Everything on TV should have Sir David Attenborough in it

I saw an advert for some ridiculous-looking identikit nonsense programme on Channel 4 about some twits who want to “escape the rat race” and open a farm of their own. They’ll be guided by Ruprect McPlum-Smarmly who is – as with all TV farmers – a big posh twat. Now I already know how this programme will go, as do you should you have two brain cells to rub together. Basically, it’ll be shit. This made me think about other reality shows and how you can’t escape the feeling these days that they’re disingenuous twaddle engineered in such a way to illicit reactions from us.

It is TV, after all, and TV is made by horrible people in the most part. I know this, for Hollyoaks is on right now.

This, in turn, reminded me of a discussion recently (yesterday? The day before? WHO KNOWS) about how nature documentaries are – generally speaking – a big bag of shit, unless Attenborough is involved. This is because while ol’ Davey boy can bring a wealth of experience, genuine knowledge, warmth, approachability and utter devotion to the subjects he covers, the idiots on other programmes tend to be on them to make a TV show. They talk about how “surprised” they are, how it’s “life-changing” and then look right at the camera, fix you with a steely glare and make you feel guilty because a Parasitic Explosive AIDS Spider is going extinct thanks to the endless march of Brazilian logging firms. Which is your fault, obviously, as well as being something you have complete control over.

It’s either that route or some half-hearted attempt to mimic Attenborough – a man who is, might I add, a genuine, bona-fide national hero and one who I will actually be properly upset about when he dies (not that he ever will die, as he feasts on the hearts of baby Orangutans every night to inherit their delicious, life-prolonging courage. Seen how scared they are of him in that episode where he went to their nests up in the tree canopy? It’s because they know he’s licking his lips in anticipation of some deep-fried ape thumper. He often describes the taste as “orangutangy”. True story). Where was I? Ah yes – they try and emulate, or they have this dispassionate huff about them that makes you care less and less about the wonderful things you’re seeing, like fungus getting inside an ant’s brain and taking over its body before literally growing inside it, until it breaks out and kills the little pecker-head.
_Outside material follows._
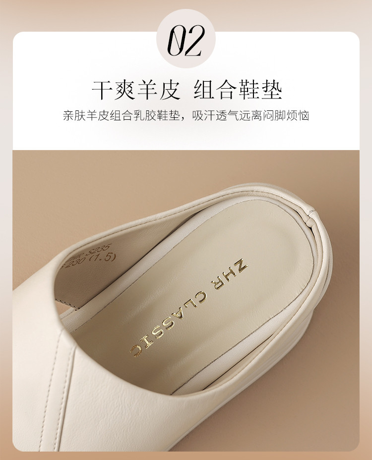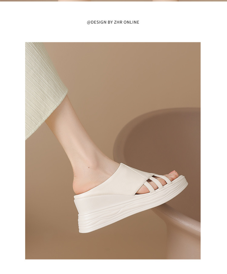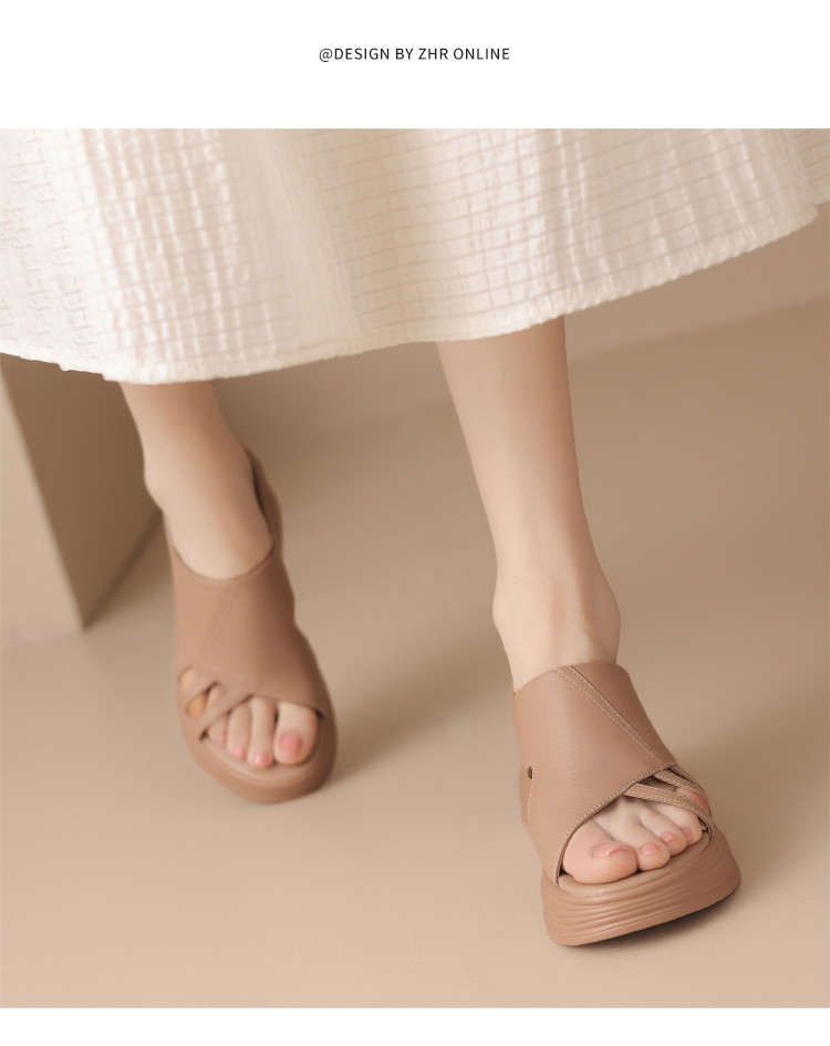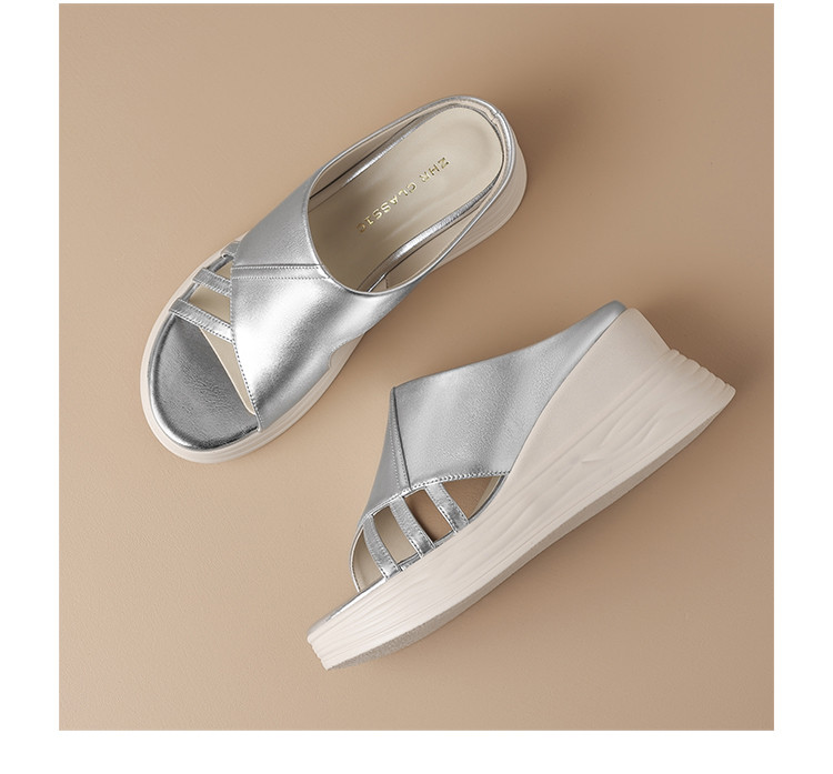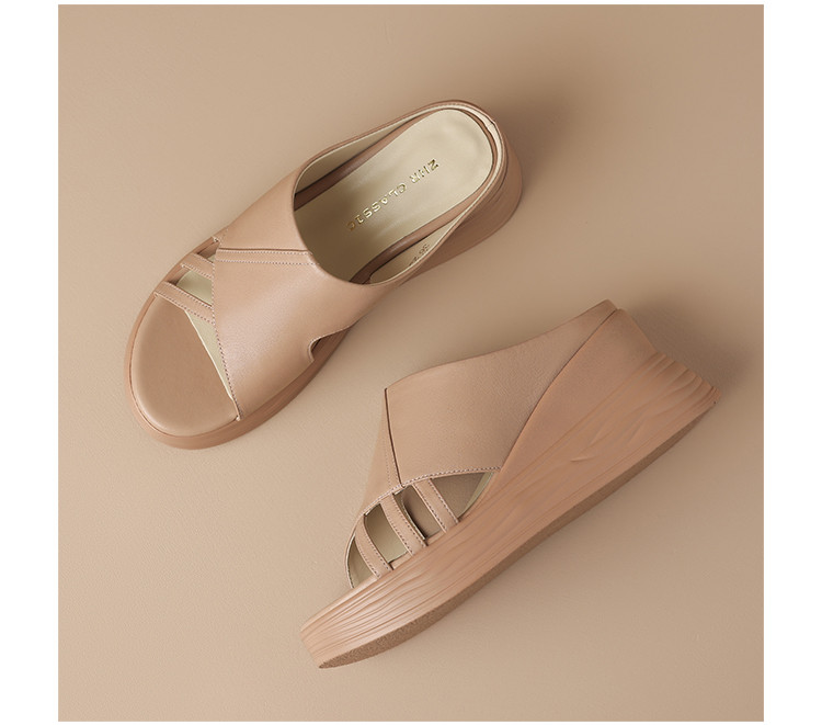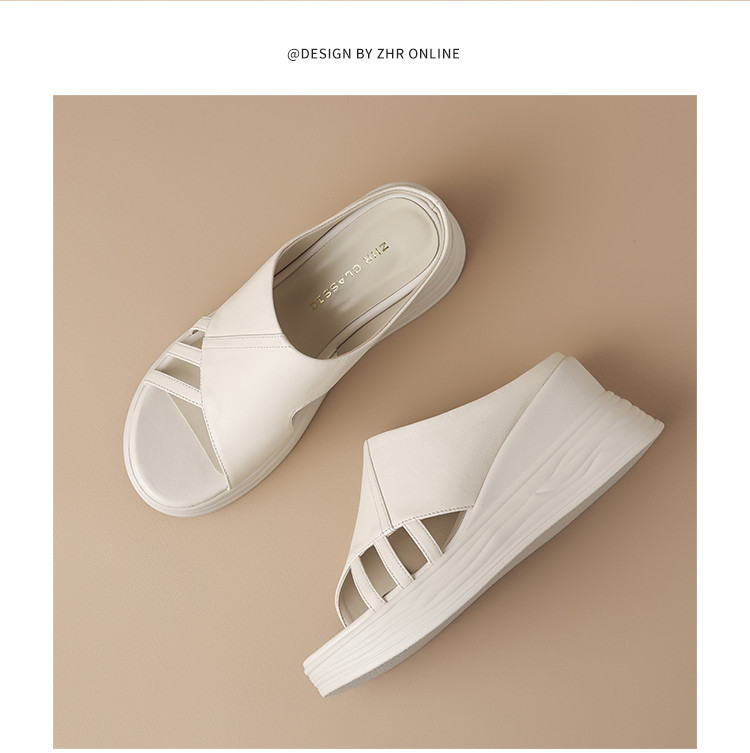 【头层牛皮】拼接镂空凉拖鞋透气坡跟拖鞋增高显瘦拖鞋女外穿夏季 521728

True story.

Anyway, I was going to rant about all of that, then I realised my friend Ben had linked me to this, which says more than I can say with mere words. Plus it has the added bonus of Adam Buxton, who has a lovely beard and delightful, soft voice. Like a bearded Sylvanian Family character, except funnier and less of an effeminate reference.

Seriously though, Hollyoaks – there’s some Calculon-style acting talent on show tonight.